Oh boy, where to start? You really need a good book. Sigh. Let’s start at the top of main():

This

struct Player *player;

defines a pointer to a struct Player, but it doesn’t initialize it. It has thus a more or less random value, pointing somewhere into memory. This

player->name = malloc(sizeof(player->name)*256);

now writes into parts of that random location the address of a piece of memory obtained by malloc(). Writing to memory through an uninitialized pointer invokes Undefined Behavior. After that, all bets are off. No need to look further down your program. You are unlucky that, by accident, you write to a piece of memory that is owned by your process, so it doesn’t crash immediately, making you aware of the problem.

There’s two ways for you to improve that. Either stick to the pointer and have it point to a piece of memory allocated for a Player object. You could obtain it by calling malloc(sizeof(Player).
Or just use a local, automatic (aka stack-based) object:

struct Player player;

The compiler will generate the code to allocate memory on the stack for it and will release it automatically. This is the easiest, and should certainly be your default.

However, your code has more problems than that.

This

player->name = malloc(sizeof(player->name)*256);

allocates consecutive memory on the heap to store 256 pointers to characters, and assigns the address of the first pointer (the address of a char*, thus a char**) to player->name (a char*). Frankly, I’m surprised that even compiles, but then I’m more used to C++’ stricter type enforcement. Anyway, what you probably want instead instead is to allocate memory for 256 characters:

player->name = malloc(sizeof(char)*256);

(Since sizeof(char) is, by definition, 1, you will often see this as malloc(256).)
However, there more to this: Why 256? What if I pass a string 1000 chars long? No, simply allocating space for a longer string is not the way to deal with this, because I could pass it a string longer still.

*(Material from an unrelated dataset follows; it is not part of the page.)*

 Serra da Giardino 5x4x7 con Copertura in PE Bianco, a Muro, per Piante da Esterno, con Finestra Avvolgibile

So either 1) fix the maximum string length (just declare Player::name to be a char array of that length, instead of a char*) and enforce this limit in your code, or 2) find out the length needed dynamically, at run-time, and allocate exactly the memory needed (string length plus 1, for the terminating '\0' char).

But it gets worse. This

player->name = "John";

then assigns the address of a string literal to player->name, overriding the address of the memory allocated by malloc() in the only variable you store it in, making you lose and leak the memory.
But strings are no first-class citizens in C, so you cannot assign them. They are arrays of characters, by convention terminated with a '\0'. To copy them, you have to copy them character by character, either in a loop or, preferably, by calling strcpy().

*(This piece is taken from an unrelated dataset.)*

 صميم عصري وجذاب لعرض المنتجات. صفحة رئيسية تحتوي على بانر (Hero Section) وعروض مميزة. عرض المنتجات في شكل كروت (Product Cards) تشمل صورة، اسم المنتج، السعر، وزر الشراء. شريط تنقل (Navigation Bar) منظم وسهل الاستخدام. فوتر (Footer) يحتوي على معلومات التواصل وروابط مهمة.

To add insult to injury, you later attempt to free the memory a string literal lives in

free(player);

thereby very likely seriously scrambling the heap manager’s data structures. Again, you seem to be unlucky for that to not causing an immediate crash, but the code seemingly working as intended is one of the worst possibilities of Undefined Behavior to manifest itself. If it weren’t for all bets being off before, they now thoroughly would be.

I’m sorry if this sounds condemning, it really wasn’t meant that way, but you certainly and seriously fucked up this one. To wrap this up:

1. You need a good C++ book. Right now. Here is a list of good books assembled by C programmers on Stack Overflow. (I’m a C++ programmer by heart, so I won’t comment on their judgment, but K&R is certainly a good choice.)

2. You should initialize all pointers immediately, either with the address of an existing valid object, or with the address of a piece of memory allocated to hold an object of the right type, or with NULL (which you can easily check for later). In particular, you must not attempt to read from or write to a piece of memory that has not been allocated (dynamically on the heap or automatically on the stack) to you.

3. You need to free() all memory that was obtained by calling malloc() exactly once.

4. You must not attempt to free() any other memory.

I’m sure there is more to that code, but I’ll stop here. And did I mention you need a good C book? Because you do.